Exhibition Statement

The desire for pure bloodlines has historically asserted its superiority in discussions concerning the human species. In contrast, hybridity has long been regarded as something tainted or impure, and thus easily perceived as incorrect or deviant. In the cultural dimension, however, phenomena of hybrid alliances and convergences have long been accepted as natural. Particularly as a positive utility that embraces heterogeneous elements to enable new forms of becoming, hybridity has been venerated. Yet when addressed in terms of bloodline-based communities, such as the category of nation or ethnicity, an entirely different dynamic unfolds.


Installation view ©Art Space Hyeong

Even today, when the meaning of diversity has become self-evident, hybridity remains precarious in groups that prefer to impose specific standards. In an era reluctant to acknowledge identities beyond singularity, can the value of hybridity truly persist? To overcome the discrimination and contempt historically imposed upon hybrid attributes, what kind of shift in perception is required? Perhaps merely revealing the distinctive qualities that certain objects or individuals inherently possess is sufficient for hybridity to assert its essence. That essence, which both differentiates itself from others and simultaneously defines a set of types, is in itself grand.

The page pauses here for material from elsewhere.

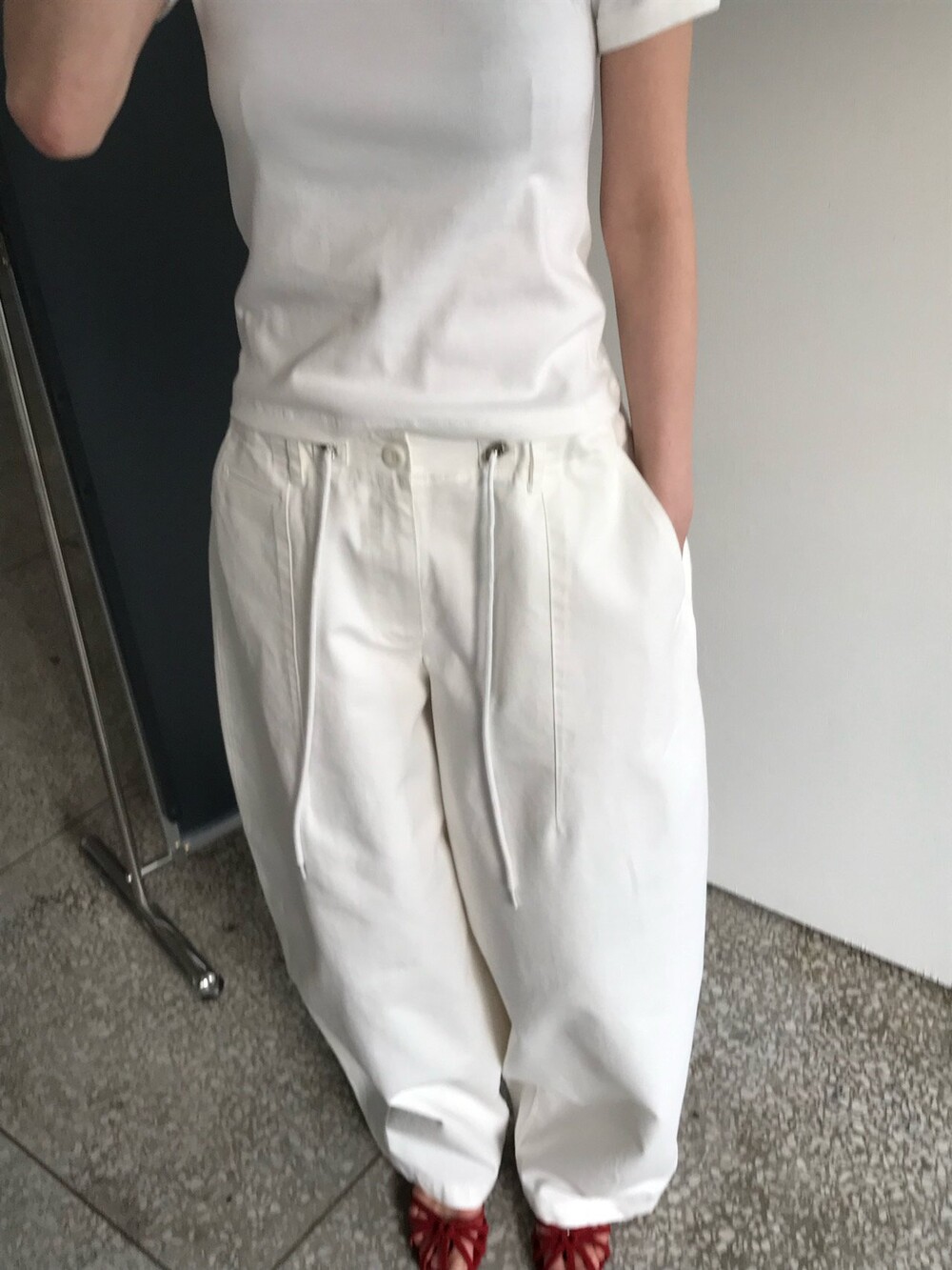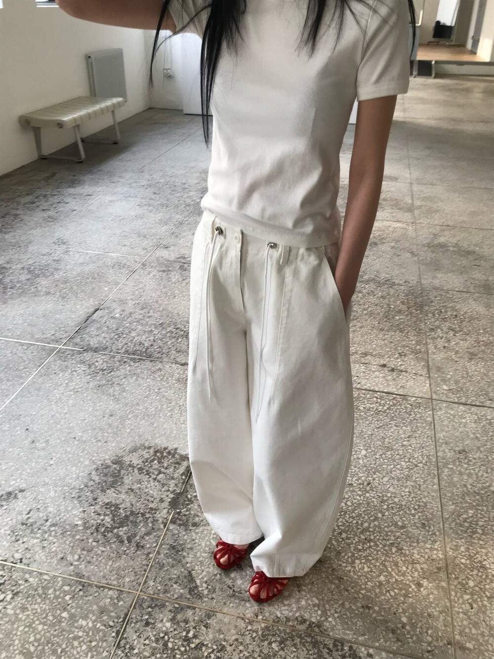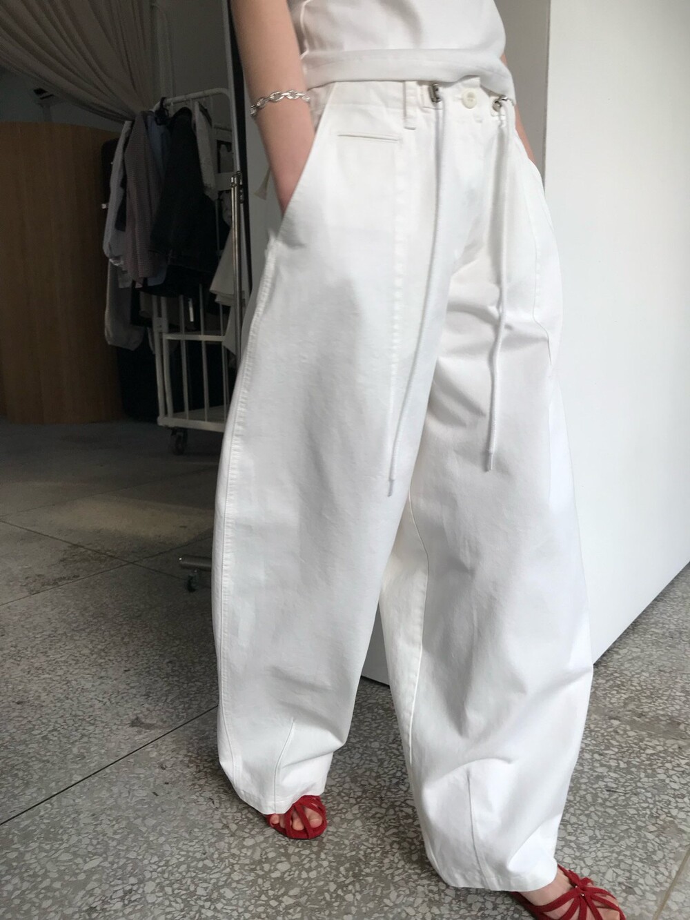 허리부분의 스트링으로 사이즈 조절이 가능합니다.

Hybridity must be considered as unrepresentable—a magnificence that escapes both physical and metaphysical measures of reproduction and imitation. It should be understood as a unique process and outcome that expands by following nature’s law of excluding recessive traits, thereby creating characteristics of extension. White, symbolizing the meaning of noble achromatism, is extracted through the method of additive mixing, confronting us with the very time–space of hybridity. Thus emerges the sublime of hybridity, which may manifest as an intensely personal categorization or as a sensation traversing the communal strata shared by many. Concepts of hybridity and the sublime, which seemed forever irreconcilable, finally converge into union.